The Florida State University (the “The” is critical) President John Thrasher, late of the Florida Legislature, responded, “He’s a nice kid,” then sympathized with Rubio’s rock-bottom poll position, calling it “a reflection of where he got his education.”

Marco Rubio actually played football at South Miami High. But he’s not as sharp in the pocket as he used to be. In Iowa for the state fair, he threw a pass and hit a kid in the face.

This guy wants to be president of the United States.

Now back to the deep weirdness of tangling up college football’s splendidly irrational hatreds with the splendidly irrational hatreds in politics. Marcocito is actually correct that UF outranks FSU academically: The latest US News and World Report puts Florida at #47, tied with Penn State. And Lehigh. Florida State comes in at #96, tied with the University of Alabama.
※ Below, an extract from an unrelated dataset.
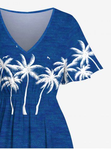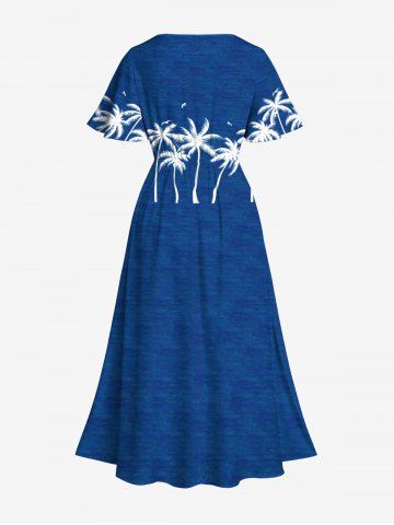Plus Size Coconut Tree Bird Print Split Hawaii Midi Dress - Deep Blue - 4x

But, as coach says on “College Game Day,” not so fast, my friend! Marcocito got his JD from Miami. Maybe he couldn’t get into the law schools at FSU or UF, both of which are ranked about 20 places higher than the U’s.

Stick that in your beak and whistle the Fight Song, Sebastian.
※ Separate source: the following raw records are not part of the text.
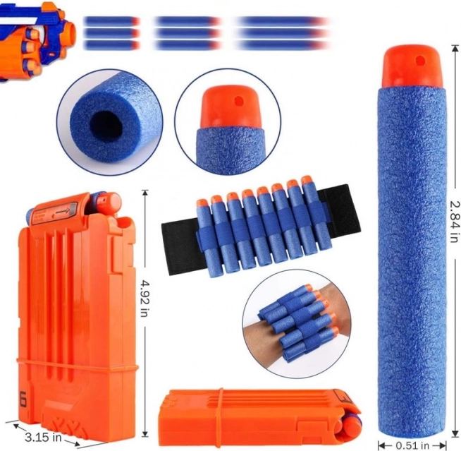 5. Obsah sady: Sada obsahuje taktickú ochrannú vestu, ochranné okuliare, 30 šípok, šatku s potlačou na tvár, nábojový pásik na nosenie na zápästí a ďalší zásobník nábojov.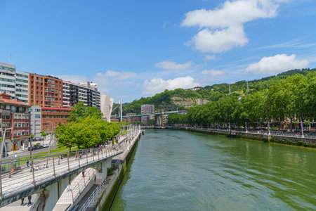 Bilbao, Spain - 08.06.2022: View city of Bilbao, Nervion river and its colorful architecture. Apartment buildings along the Nervion River, Bilbao, Spain.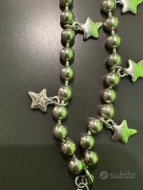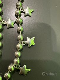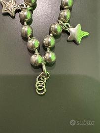 Bracciale Ciclon “Buona Fortuna “ in metallo anallergico argentato a due fili composto da sferette con charms a forma di stella.

Politics in America is increasingly about tribes. Uptight and irascible WASPs your thing? Jeb.  Fear women’s sexual autonomy? Ted Cruz is your boy.  Detest marriage equality? Huckabee! Like people who make stuff up about Planned Parenthood and “fully-formed fetuses” lying there getting their brains ripped out? Carly Fiorina. Clueless, pissed off, and a bit crazy? You are a Trump voter.
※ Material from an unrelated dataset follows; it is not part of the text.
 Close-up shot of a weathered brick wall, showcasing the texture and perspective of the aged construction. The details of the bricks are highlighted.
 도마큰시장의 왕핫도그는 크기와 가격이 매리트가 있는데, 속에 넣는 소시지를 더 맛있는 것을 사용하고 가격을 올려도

And if you give your Saturdays over to chanting “It’s GREAT to BE a Florida GATOR!” and singing (regardless of gender) “We are the Boys of Old Flo-ri-da,” Marcocito is Your Own Lizard.

The upside of Rubio’s role in the spoor of football clandom, is that Floridians, rarely celebrated for their political sophistication, may start paying attention. The comments sections of state newspapers ring with high-flown rhetoric about Rubio’s declaration of UF allegiance, referencing “butt-hurt FSU fans” and “jealous Gators,” former Gator and convicted murderer Aaron Hernandez and rape-case-entangled and former Seminole quarterback Jameis Winston, and the perennial faves “Gator snobs” and “girls’ school.”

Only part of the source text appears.